Different optimization problems could be modeled in many areas in our everyday life. With the particle swarm optimization algorithms, or more generally swarm intelligence, more effective applications or systems can be designed to solve real-world problems. The particle swarm optimization algorithm not only could be used in problem with explicit model, but also in problem with implicit model. With the applications in complex engineering or design problems, the strength and limitation of various particle swarm optimization algorithm could be revealed and interpreted.

Conclusion

After nearly a quarter century, the particle swarm optimization algorithm has gained a great reputation and a wide range of successful applications in evolutionary computation and swarm intelligence.

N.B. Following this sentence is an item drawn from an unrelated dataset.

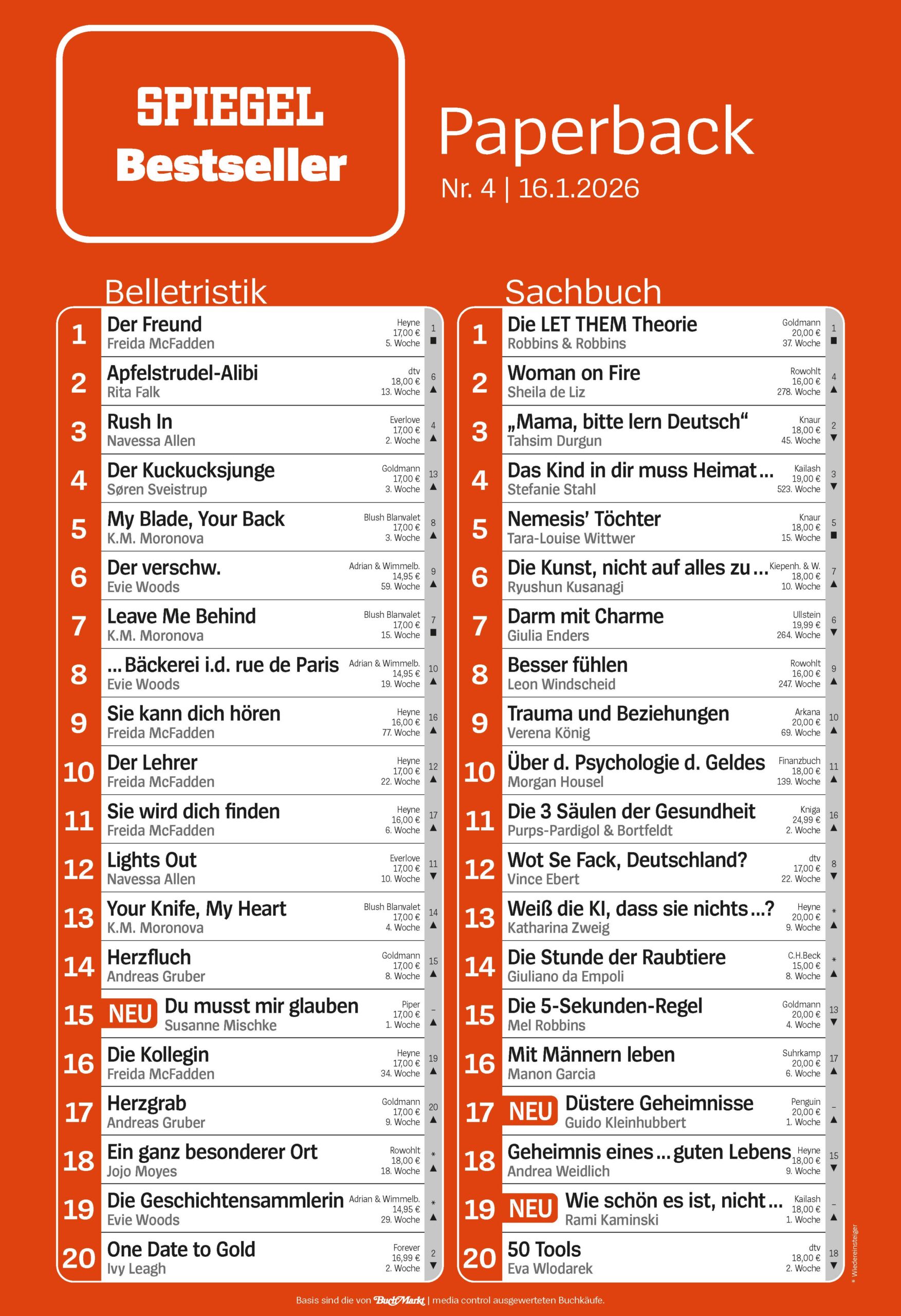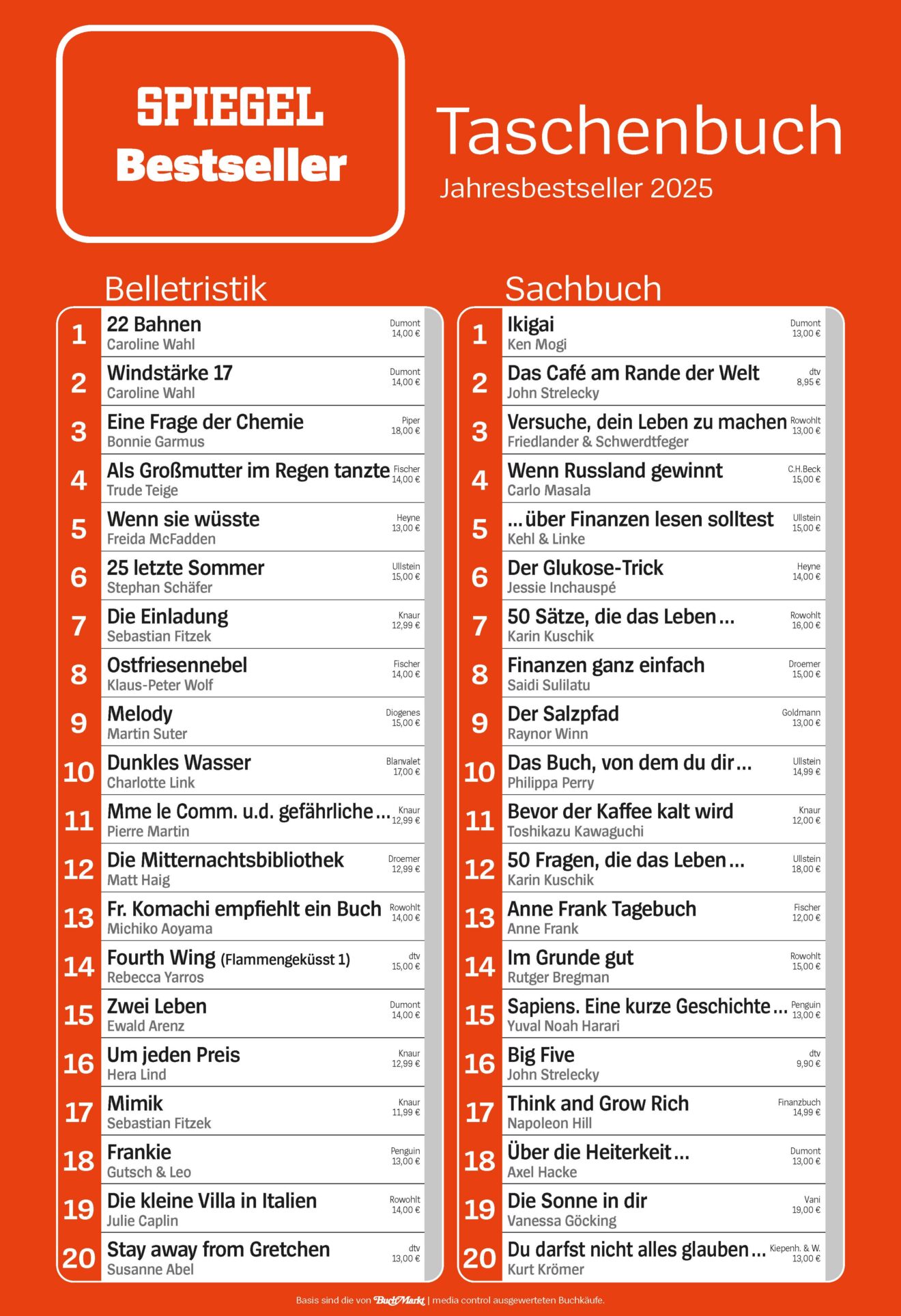 - wöchentlich Bestseller Belletristik und Sachbuch Paperback, Medienpartner DER SPIEGEL

Particle swarm optimization algorithm, which is modeled on the social behaviors observed in flocking birds, is a population-based stochastic algorithm. In this paper, the history development, the state-of-the-art, and the applications of the PSO algorithm are reviewed. In addition, the characteristics and issues of the PSO algorithm are also discussed from the evolution and learning perspectives. Every individual in the PSO algorithm is learning from itself and another particle with good fitness value. The search performance and convergence speed are affected by different learning strategies. PSO algorithm has been widely used to solve enormous real-word problems. The scheduling and data mining problems are used as illustrations on PSO solving real-world application problems.

“Now this is not the end. It is not even the beginning of the end. But it is, perhaps, the end of the beginning.Footnote 2” Particle swarm optimization algorithm has been invented for a quarter century, it still could be researched in many disciplines. With the analysis of different evolution and learning strategies, particle swarm optimization algorithm could be utilized on solving more real-world application problems effectively, and the strength and limitation of various PSO algorithm could be revealed.